[PROVIDED RECORDS — start]

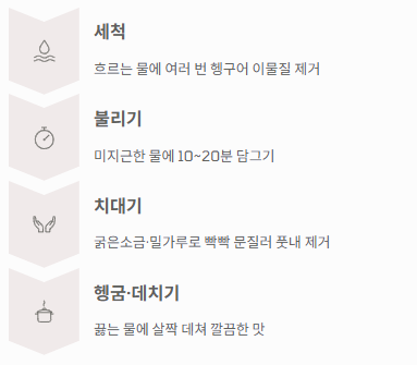 - 헹굼/데치기: 소금기를 깨끗이 헹군 후, 끓는 물에 살짝 데쳐서 사용하면 더욱 깔끔한 맛을 낼 수 있습니다.
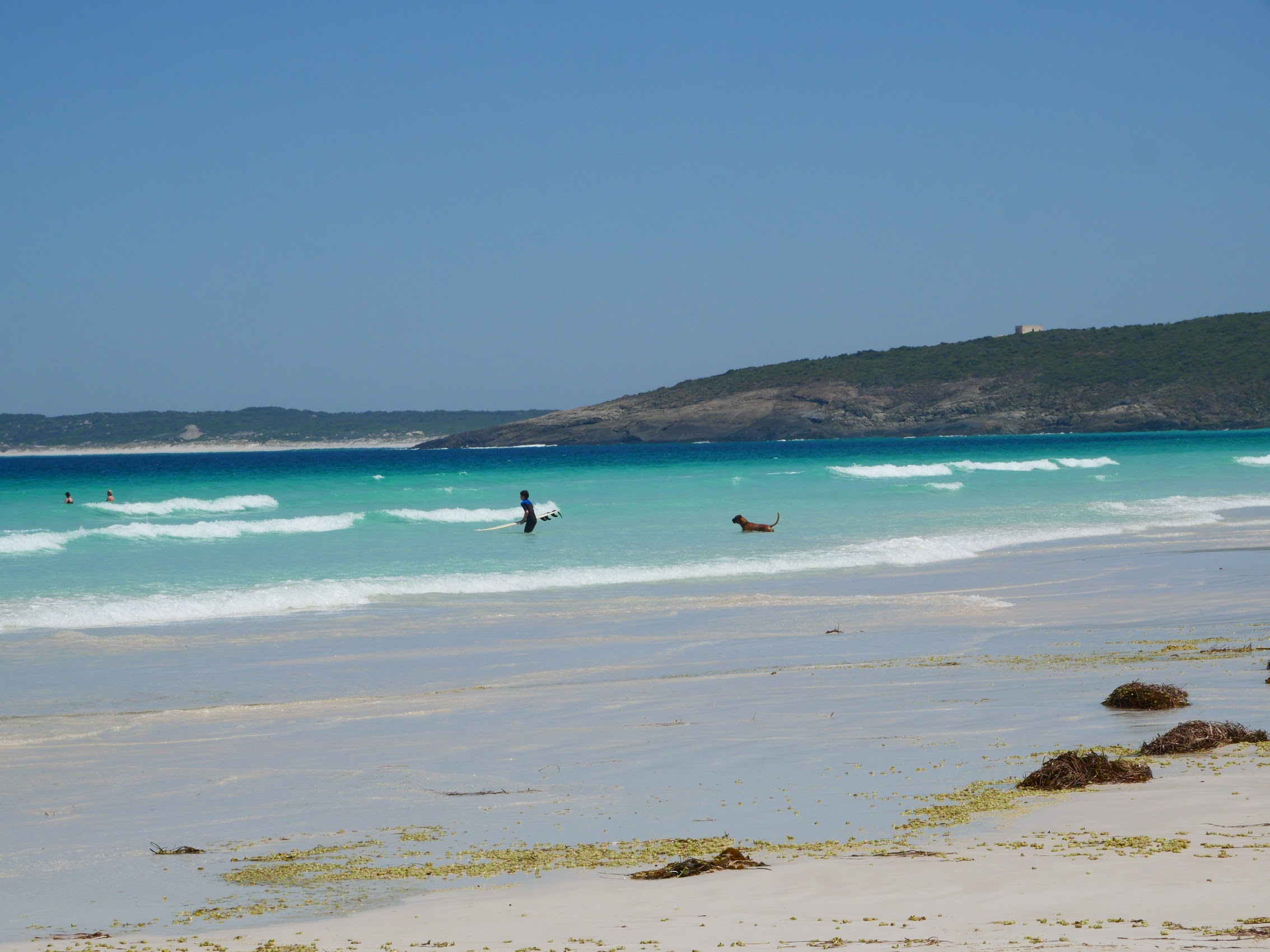 There are a number of nice beaches around Bremer Bay, but the one we decided to spend time on was Blossom Beach which, like all of the beaches in the area had fine white sand. Although Blossom Beach does have vehicular access (which we elected not to try), it is very long and so wide that it seemed uncrowded despite the number of families and groups with vehicles. We were particularly intrigued with one surfer whose dog would follow him into the waves then cheer him on from a distance.
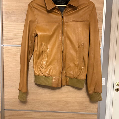 Lite brukt bikerjakke i mykt og behagelig skinn fra Maison & Schotch. Nydelig lys grå/hvit med sorte glidelåser og flotte detaljer som er typisk for Scotch. dyreprintmønster på foret. str. 2 som tilsvarer 38. Nypris kr. 4000. selges kr. 800
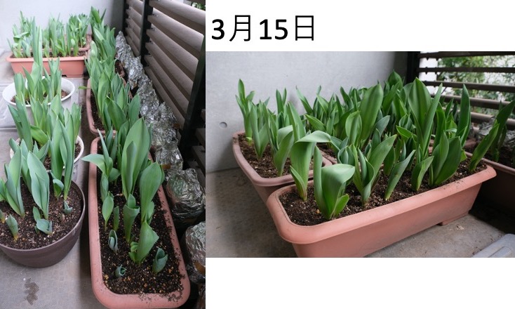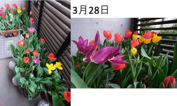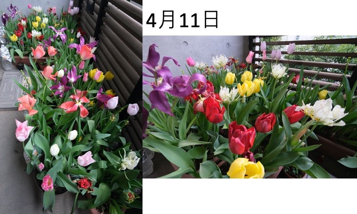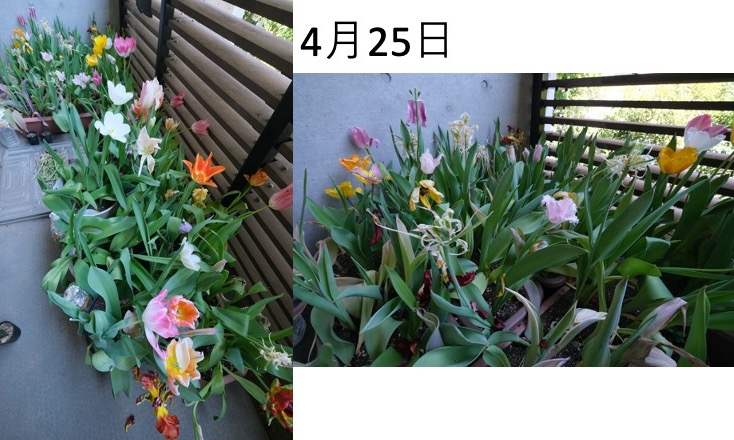 ピークは4月4日。別の品種でもう1回賑やかになるかと期待したものの、そこから徐々にフェードアウト。4月11日から25日は全体写真だとみすぼらしいが、個別に花を眺める分にはそれなりに楽しめた。
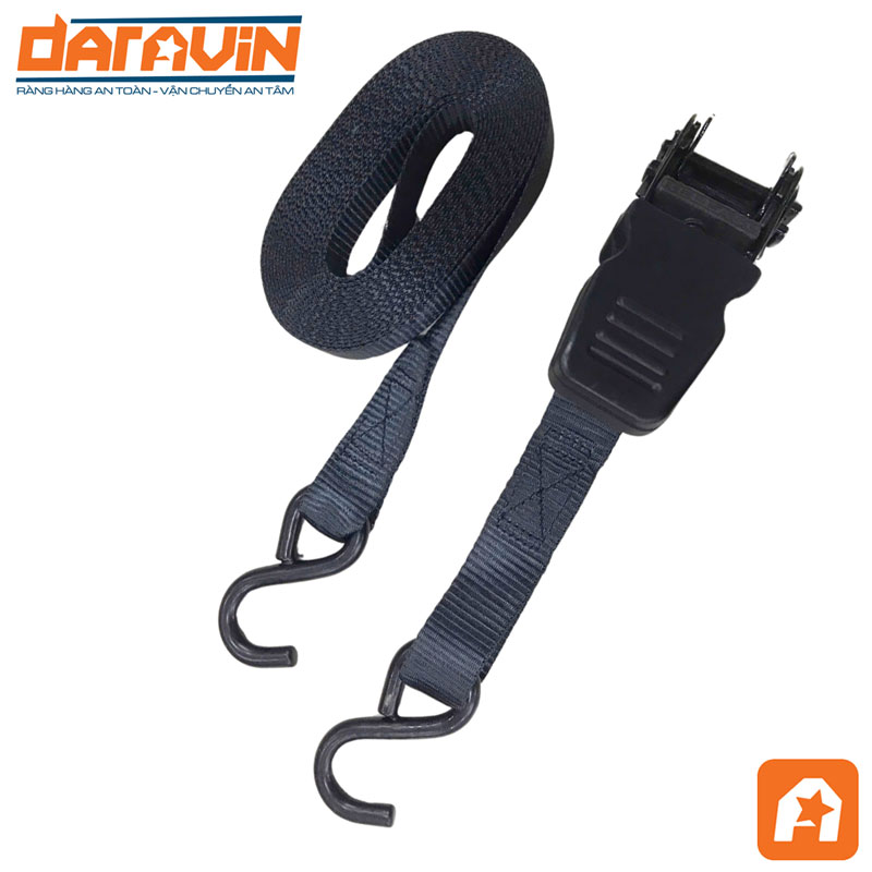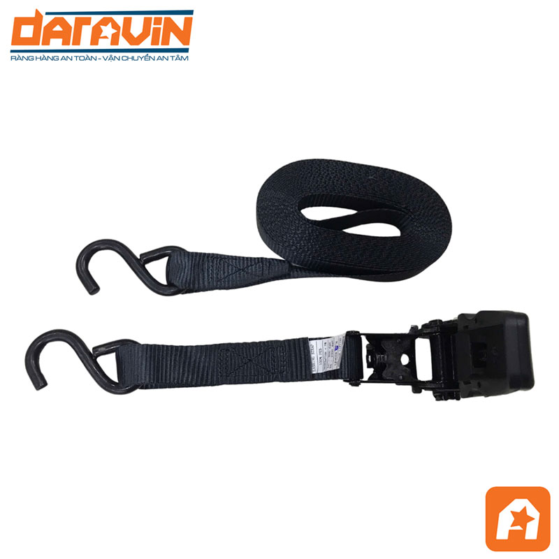 - Tải trọng làm việc 650kg cùng bản dây 25mm giúp chằng buộc hàng nhẹ và vừa an toàn, ổn định trong quá trình vận chuyển hàng ngày.

[PROVIDED RECORDS — finish]

■ PROBLEM DETAILS
Without including any picture, reproduce the material above word for word.

■ RESULT
 - 헹굼/데치기: 소금기를 깨끗이 헹군 후, 끓는 물에 살짝 데쳐서 사용하면 더욱 깔끔한 맛을 낼 수 있습니다.
 There are a number of nice beaches around Bremer Bay, but the one we decided to spend time on was Blossom Beach which, like all of the beaches in the area had fine white sand. Although Blossom Beach does have vehicular access (which we elected not to try), it is very long and so wide that it seemed uncrowded despite the number of families and groups with vehicles. We were particularly intrigued with one surfer whose dog would follow him into the waves then cheer him on from a distance.
 Lite brukt bikerjakke i mykt og behagelig skinn fra Maison & Schotch. Nydelig lys grå/hvit med sorte glidelåser og flotte detaljer som er typisk for Scotch. dyreprintmønster på foret. str. 2 som tilsvarer 38. Nypris kr. 4000. selges kr. 800
 ピークは4月4日。別の品種でもう1回賑やかになるかと期待したものの、そこから徐々にフェードアウト。4月11日から25日は全体写真だとみすぼらしいが、個別に花を眺める分にはそれなりに楽しめた。
 - Tải trọng làm việc 650kg cùng bản dây 25mm giúp chằng buộc hàng nhẹ và vừa an toàn, ổn định trong quá trình vận chuyển hàng ngày.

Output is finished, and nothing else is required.